Work item:
What needs reproducing is the run of lines in the data below starting at the line with "En commençant, par" and ending at the line with "A scratching opportunity, a", both ends included. Copy it exactly, without pictures, and add nothing.

Data under study:
•••

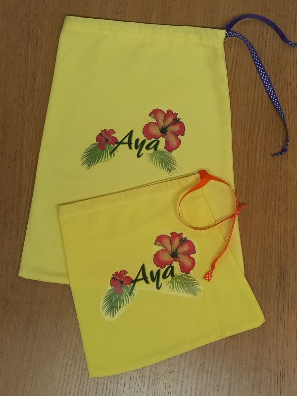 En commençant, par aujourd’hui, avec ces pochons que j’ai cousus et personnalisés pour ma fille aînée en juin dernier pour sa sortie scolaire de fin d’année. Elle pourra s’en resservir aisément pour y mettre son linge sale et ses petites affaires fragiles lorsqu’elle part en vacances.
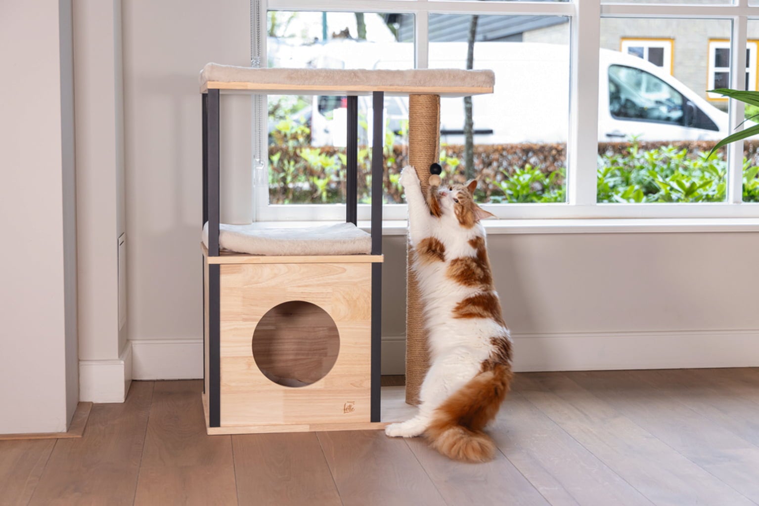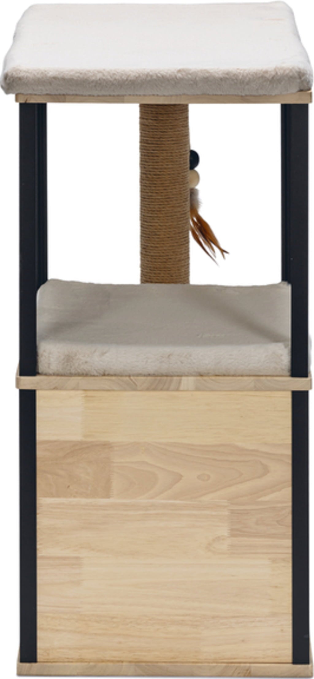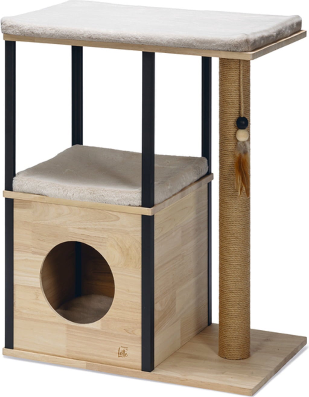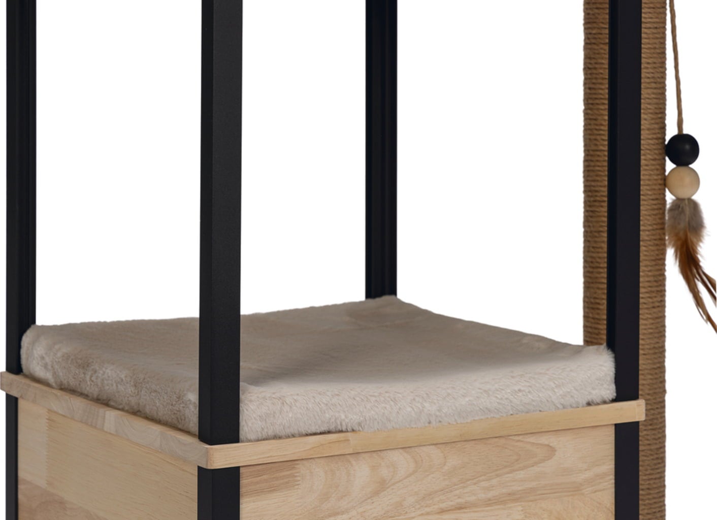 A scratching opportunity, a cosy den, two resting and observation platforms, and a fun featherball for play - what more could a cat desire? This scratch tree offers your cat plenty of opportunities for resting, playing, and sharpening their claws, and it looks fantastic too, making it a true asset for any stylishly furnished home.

•••

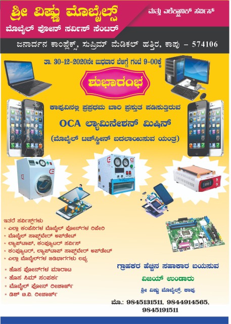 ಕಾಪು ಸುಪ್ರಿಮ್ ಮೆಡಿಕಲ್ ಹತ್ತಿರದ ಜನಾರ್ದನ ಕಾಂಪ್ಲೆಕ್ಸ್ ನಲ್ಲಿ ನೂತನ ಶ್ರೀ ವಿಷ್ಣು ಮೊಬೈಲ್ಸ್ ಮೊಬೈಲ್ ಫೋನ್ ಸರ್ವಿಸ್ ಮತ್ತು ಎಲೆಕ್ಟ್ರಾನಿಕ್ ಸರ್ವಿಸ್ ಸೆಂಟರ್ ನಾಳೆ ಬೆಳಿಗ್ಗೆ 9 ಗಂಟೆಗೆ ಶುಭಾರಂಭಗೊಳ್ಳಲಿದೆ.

•••

Output:
 En commençant, par aujourd’hui, avec ces pochons que j’ai cousus et personnalisés pour ma fille aînée en juin dernier pour sa sortie scolaire de fin d’année. Elle pourra s’en resservir aisément pour y mettre son linge sale et ses petites affaires fragiles lorsqu’elle part en vacances.
 A scratching opportunity, a cosy den, two resting and observation platforms, and a fun featherball for play - what more could a cat desire? This scratch tree offers your cat plenty of opportunities for resting, playing, and sharpening their claws, and it looks fantastic too, making it a true asset for any stylishly furnished home.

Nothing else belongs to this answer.